By chance, after 30 years, he was recently reunited with his mother after someone saw her appeal to find her missing son in Iraq.

Now, Baroness Nicholson hopes Amar's story will help reunite other families who have been separated from loved ones.

Speaking at an event in London's Palace of Westminster, Baroness Nicholson, who launched the Amar Foundation to bring aid to Iraq, said that she hoped it would help open the door for millions of other families.

"Amar, after whom the charity is named, found his mother in Iraq. It is such an extraordinary thing to have happened," she said.

She has invited the British broadcaster the BBC to explain "how on earth" they did it.

"If the BBC did it, why cannot everybody else?," she said.

"There are hundreds, thousands, in fact millions of missing children and mothers. I'm interested in what we can learn from it and Amar for what it felt like."

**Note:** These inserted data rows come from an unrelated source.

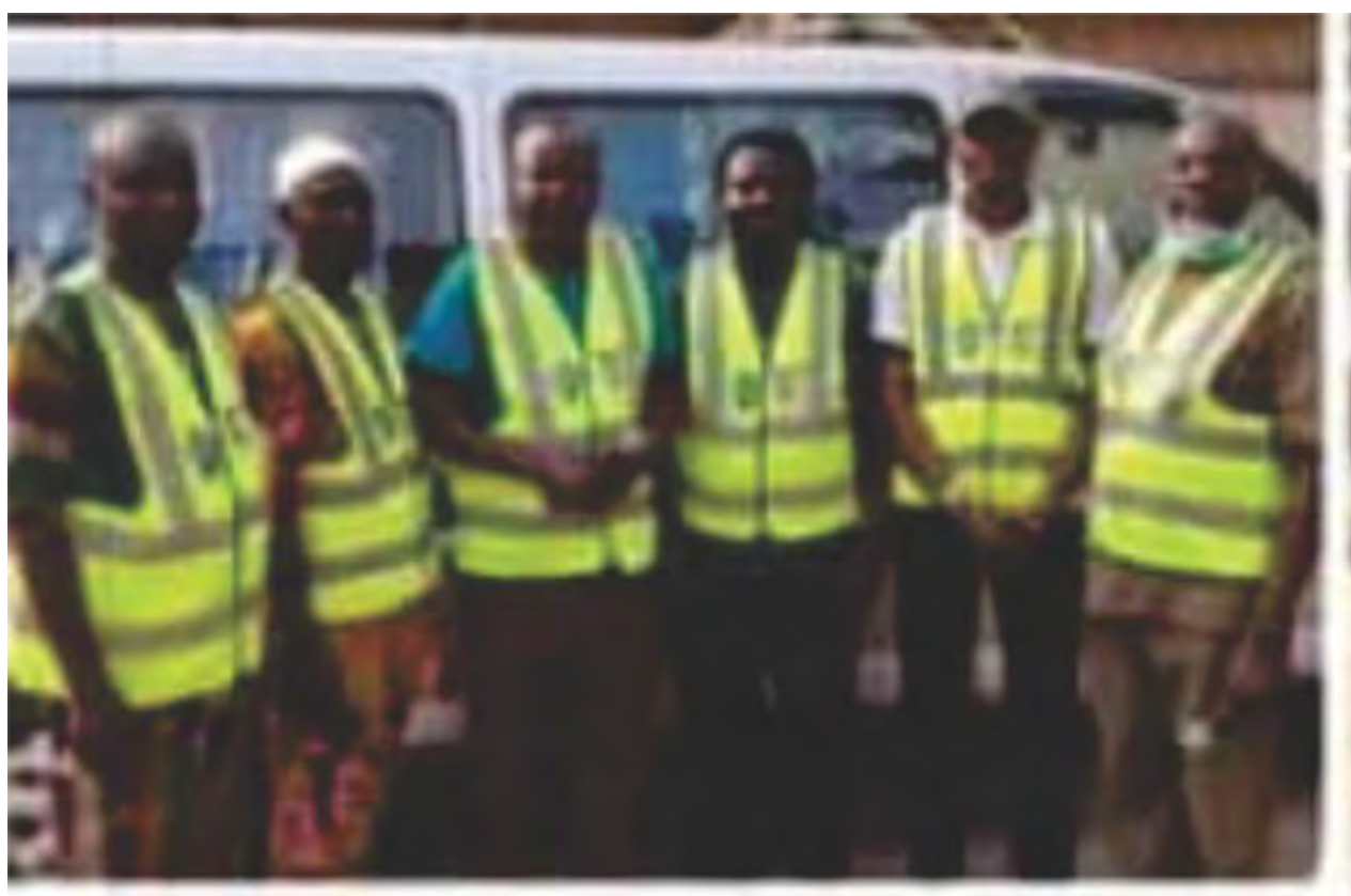
Ifako-ijaiye CDC sensitizes residents on PVC collection

Part of the areas visited was the Mechanic Village site at Obawole and artisans were urged to go for their PVC collection to avoid disenfranchisement due to lack of voting card.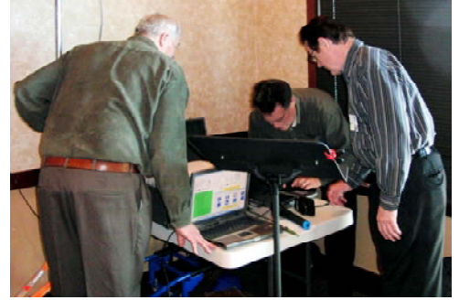
Electronic wizards hard at work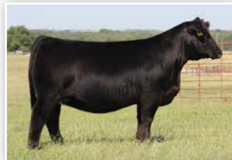
B C R BLACKSTAR H005 Maternal Sister in Blood to Lot 15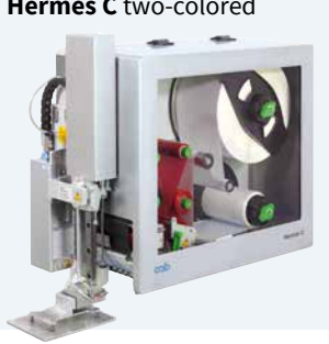
Print and apply systems Hermes C two-colored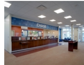
Chase branch in Williston Park, NY, interior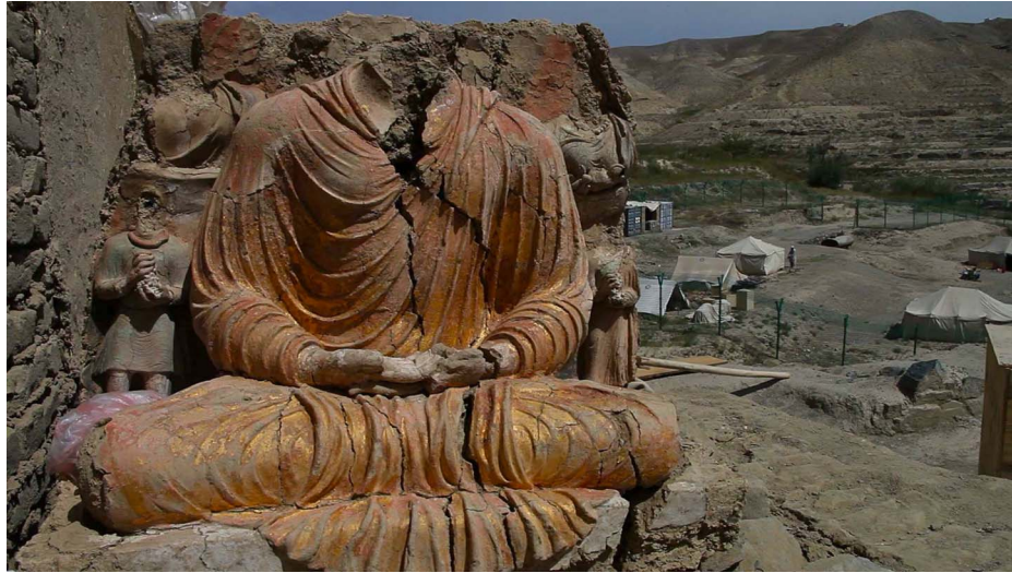
FIGURE 4. Seated Buddha at Mes Aynak, Afghanistan.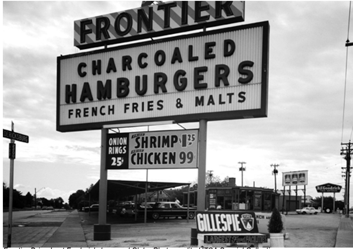
Frontier Drive-In at Fredericksburg and Club.

This restaurant was on the corner of Fredericksburg and Club, at the current pawn shop site. During the chain's heyday, from the 1950s through the 1980s, there were multiple Frontier Drive-Ins throughout San Antonio. At first, carhops took orders from customers and delivered to their cars. Later, Frontier introduced a speaker ordering system, which they claimed was the first in Texas.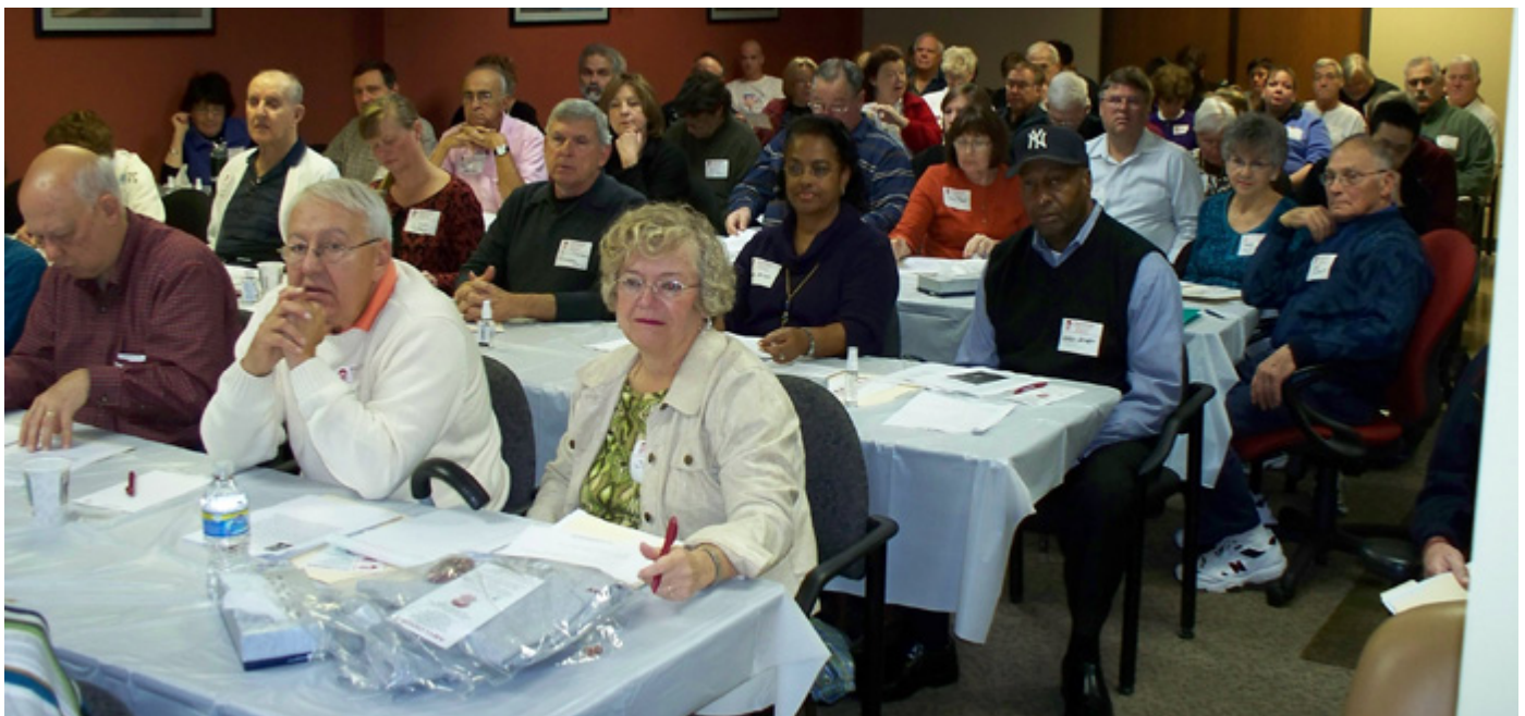
Group photo of 2009 Conference Attendees.

You will get transportation to and from the airport. We will try to coordinate group shuttles in respect to various flight arrivals and departures. However, If you chose to fly to Chicago and wish to take a your own taxi to and/or from the airport, the hotel uses American Taxi Dispatch for their clients' airport needs. The fare from O'hare to the hotel runs $25.00 one-way. From Midway it is about $40.00 with an additional $2.00 per person. You may call and reserve a taxi before you arrive to secure a flat rate. To contact American Taxi Dispatch simply call 847-259-0276 or click into www.americantaxi.com to make reservations. If you choose to take a city taxi from the cab stand at the airport, the fares from O'hare have been $40.00-$60.00 and $80.00 from Midway Airport to the hotel. These are city taxis and are metered. They do not run on a flat rate.

Amar had suffered the burns after a warehouse where he and his siblings were playing was attacked.

Anti-Saddam fighters found him and moved him from the scene.

Weeks later the politician happened upon him while on a fact-finding mission about the fate of civilians in the marshes between the Tigris and Euphrates following the first Gulf War.

The charity spent years trying to trace his family and were even approached by bogus people claiming to be related to him.

But it was until last year that Andy Alcroft, a BBC cameraman, had a chance encounter with Mr Kanim while covering an unrelated story in Exeter, where he was unemployed and struggling to pay his bills.

Mr Kanim said he had received footage on Facebook of a woman on Iraqi TV claiming to be his mother.

“He is my son,” she told the camera, but Mr Kanim could not be certain that it was his mother.

BBC reporters found that some of the details given by Zahra, who lives in Karbala, 300 miles north of Basra, matched Mr Kanim’s story.

She had a photograph of him as a child, but he said he did not remember what his face looked like before his burns.

He told the BBC: “I want it to be true . . . but for 30 years I’ve been told my family is dead.”

Zahra agreed to a DNA test which showed a match of over 99.99 per cent with Mr Kanim, who returned to Iraq for the first time since 1992 to be reunited with his mother and Tahrir, his younger brother.

“My little Amar,” said Zahra during their emotional reunion.

“All I wanted was for my mother to be proud of me, and I think she is,” Amar said.